I just had an intense pooping experience that I can share only with you. No funny metaphors. No descriptions. Just the straight facts.
You know that I am the proud owner of a case of irritable bowel syndrome (IBS). Usually this means that I have no set schedule for pooping and that I get an urgent case of the runs from time to time. I don't pay much attention to my pooping habits -- it just kind of comes when it comes. But one of the consequences of being married to a physician is that I have become marginally more aware of my pooping schedule. So...
...so a few days ago, I thought, "Hmm... I haven't pooped in a few days. I think I'll have a handful of raisins. That usually cleans things out in a hurry." I'd been eating a few scoops every few hours over the past few days, but no action. I realized that in spite of drinking lots and lots of hot caffeinated beverages (but no coffee or chocolate for me before getting on the Metro --too risky!), there was still no action. I wasn't concerned, exactly, but I did think I was a bit past due.

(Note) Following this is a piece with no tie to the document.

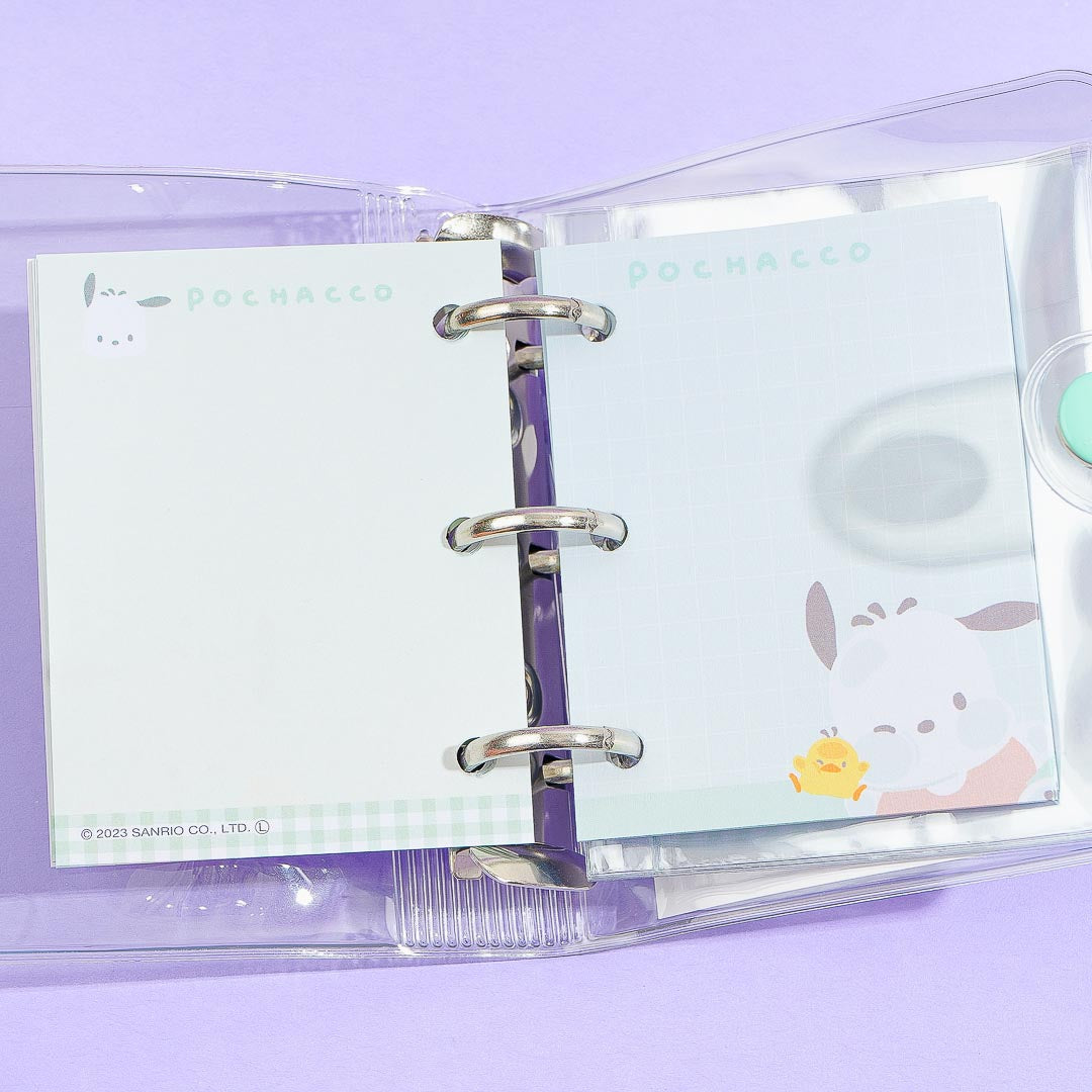 Write down ideas as they come along with the help of this kawaii mini binder notebook. It showcases a print of Pochacco and one of the Pi-Chans squishing their faces! It has a nice plastic cover with a button closure.

This afternoon I started getting some mild stomach cramps. Thinking that the time had arrived (I did have two huge mugs of hot chocolate this morning), I headed over to the throne. Nothing immediate, except this sensation that something was stuck between my colon and poop chute. Not hanging out, you understand, but sort of deliberating about whether to enter the final passage. This meant I was stuck: it wouldn't come out (it felt like a cone with the tip pointing out), and I couldn't get up and move around.
I strained and strained, but I just couldn't get things moving. The sensation was quite odd. It felt like my chute was being pushed inside out -- from the inside. It was very uncomfortable, not so much physically (though that wasn't great) as it was mentally. I just wanted this thing out of my body! What if I had to go the E.R.? What if it tore something coming out?
I finally stood up, thinking that a change of position might improve things. It did a bit, so I dashed off and grabbed a book and the phone and ran back to the pot. I called my wife and asked her to bring a stool softener when she came home from her lunch. She was already close, so she told me that she would just make me a cup of tea and that that would help.
To summarize the next few hours: I read Ben Franklin's autobiography on the throne and I soaked in a very hot bath, thinking that that might get things moving, changing from one to the other from time to time. Finally my wife, answering my call for help, handed me an enema bottle and said, "Try this." I was getting desperate enough to do as she suggested.
As I stared at the long tip of the enema, something shifted in my innards, and I thought I would take another chance. I got out of the tub, sat on the throne, and strained hard for about five minutes. Finally something immovable shifted, and with a few more mighty efforts I birthed what looked like a life-size reproduction of Carl Lewis' quad muscle. It was a single log, pointy on both ends, and with BOTH ends sticking out of the water. We just sat there, staring at each other.
There was more backlogged in behind that, but nothing like that first one. After a few minutes of felicitous evacuation I collapsed into the tub, trying to recover my strength before getting dressed and emerging to enjoy my triumph. All in all, it was an incredible experience. I have heard of constipation, but I had no idea that it could be like this.
You know those ads that say, "Our laxative is different from those harsh chemical laxatives?" For Heaven's sake, tell me the name of the harsh chemical one --that's the one I need!
It's only about six, but I'm going to bed. I'm exhausted.